How should you test your machine learning projects? A beginner's guide | François Porcher | July 2024

Testing is a critical element of software development, but in my experience, it is widely neglected in machine learning projects: many people know that they should test their code, but not many know how to do so and actually test it.

This guide will introduce you to the basics of testing different parts of a machine learning pipeline, focusing on fine-tuning BERT for text classification on the IMDb dataset and using industry standard libraries such as: pytest and pytest-cov for test.

I highly recommend following the code in this Github repository:

Below is a brief overview of the project:

bert-text-classification/
├── src/
│   ├── data_loader.py
│   ├── evaluation.py
│   ├── main.py
│   ├── trainer.py
│   └── utils.py
├── tests/
│   ├── conftest.py
│   ├── test_data_loader.py
│   ├── test_evaluation.py
│   ├── test_main.py
│   ├── test_trainer.py
│   └── test_utils.py
├── models/
│   └── imdb_bert_finetuned.pth
├── environment.yml
├── requirements.txt
├── README.md
└── setup.py

A common approach is to split your code into multiple parts.

• src: Contains the main files used to load the dataset, train and evaluate the model.
• tests: It contains different Python scripts, most of the time one test file per script. I personally use the following convention: XXX.py The corresponding test script is called test_XXX.py and, tests folder.

for example, evaluation.py In the file, test_evaluation.py File.

Note: In the test folder, conftest.py file. This file is not strictly a test feature, but it contains some configuration information for tests, in particular fixturesWe will explain this in more detail later.

You can just read this article, but I learn better by being proactive, so I highly recommend cloning the repository and starting to play around with the code. To do so, you'll need to clone the github repository, create an environment, and get the model.

# clone github repo
git clone https://github.com/FrancoisPorcher/awesome-ai-tutorials/tree/main
# enter corresponding folder
cd MLOps/how_to_test/
# create environment
conda env create -f environment.yml
conda activate how_to_test

You will also need a model to run the evaluation. To reproduce the results, run the main file. Training takes 2-20 minutes (depending on whether you have CUDA, MPS and CPU).

python src/main.py

If you don’t want to fine-tune BERT (but I highly recommend you fine-tune BERT yourself), you can take the standard version of BERT and add a linear layer to get two classes with the following command:

from transformers import BertForSequenceClassification
model = BertForSequenceClassification.from_pretrained(
"bert-base-uncased", num_labels=2
)

You're all set!

Let's write some tests:

But first, a quick introduction to Pytest.
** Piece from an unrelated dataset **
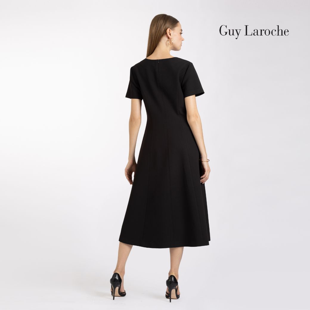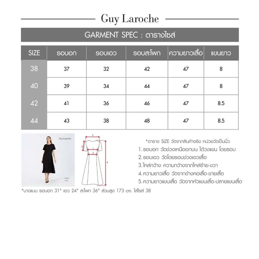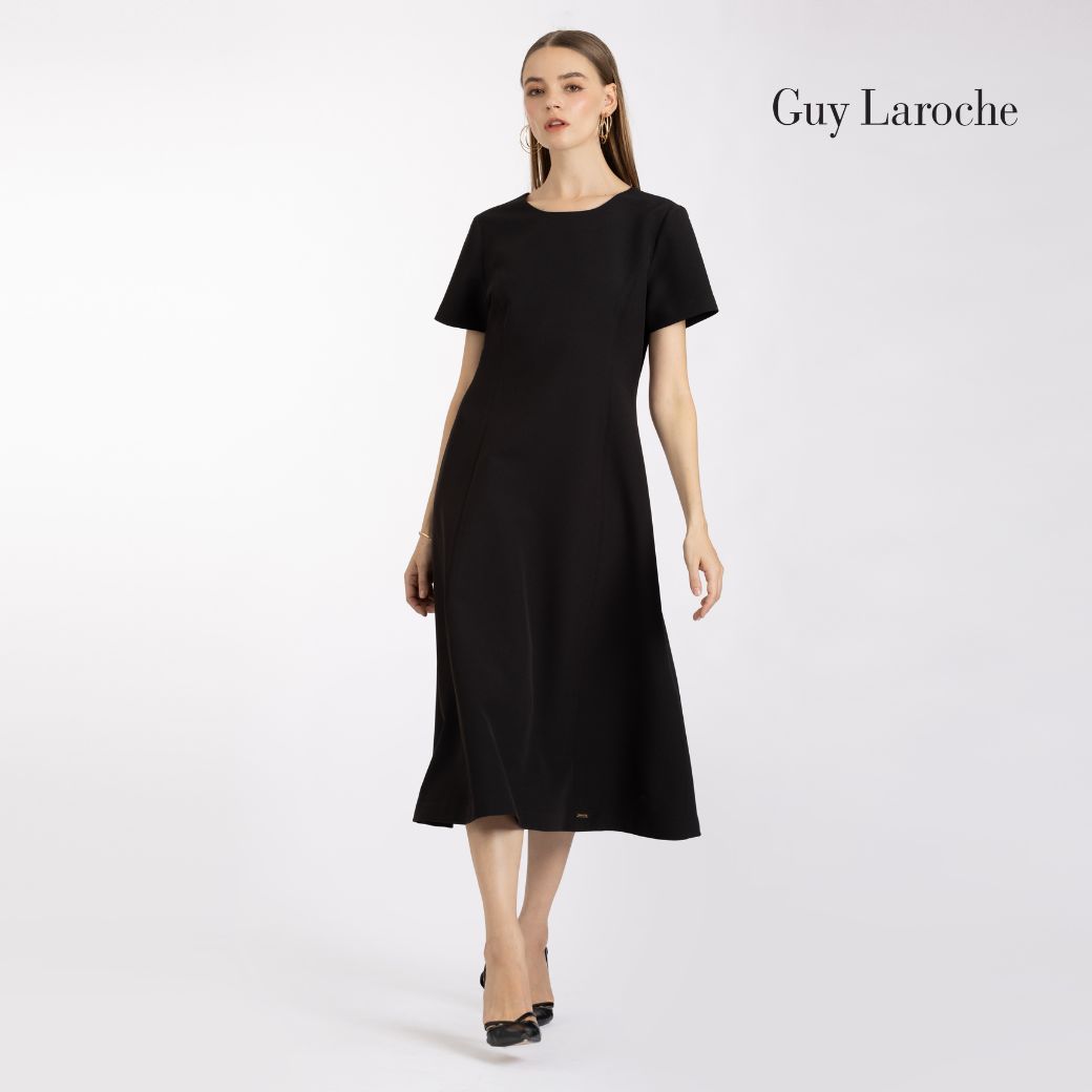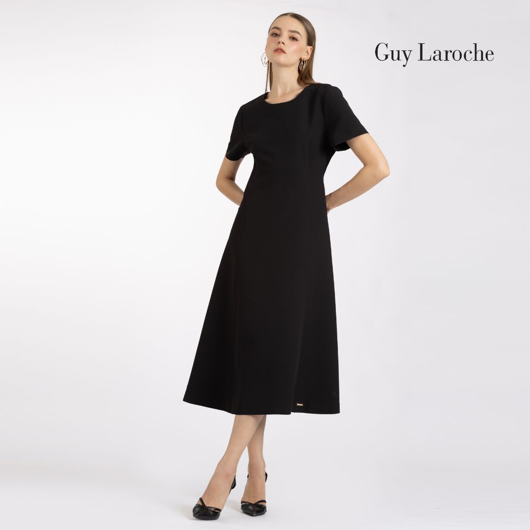เดรสยาว Guy Laroche ผลิตจากผ้าคิงสูทติ้งโพลีเอสเตอร์ 100% ทรง A-line กระโปรงบาน ความยาว 4 ส่วน แขนสั้น ดีไซน์เข้ารูปช่วยเสริมสัดส่วน สวมใส่สุภาพ เรียบหรู เหมาะสำหรับลุคทำงานแบบ Business Look หรือสวมใส่ในชีวิตประจำวันอย่างมีระดับ

pytest is a mature, industry-standard testing framework that makes it easy to write tests.

Great stuff pytest It allows you to test at different levels of granularity: a single function, a script, or the entire project. Learn how to implement all three options.

What does the test look like?

Tests are functions that test the behavior of other functions. By convention, if you want to test a function, foo call the test function test_foo .

Next, we define some tests to verify that the function we are testing is working as expected.

Let's take an example to make the idea clearer.

In data_loader.py This script uses some pretty standard functions: clean_text will strip uppercase letters and spaces. It is defined as follows:

def clean_text(text: str) -> str:
"""
Clean the input text by converting it to lowercase and stripping whitespace.
Args:
text (str): The text to clean.
Returns:
str: The cleaned text.
"""
return text.lower().strip()

I want to make sure this function works properly, test_data_loader.py You can write functions in a file test_clean_text

from src.data_loader import clean_text
def test_clean_text():
# test capital letters
assert clean_text("HeLlo, WoRlD!") == "hello, world!" 
# test spaces removed
assert clean_text("  Spaces  ") == "spaces"
# test empty string
assert clean_text("") == ""

Note that you use the function assert Here, the claim is TrueIf nothing happens, False, AssertionError will be raised.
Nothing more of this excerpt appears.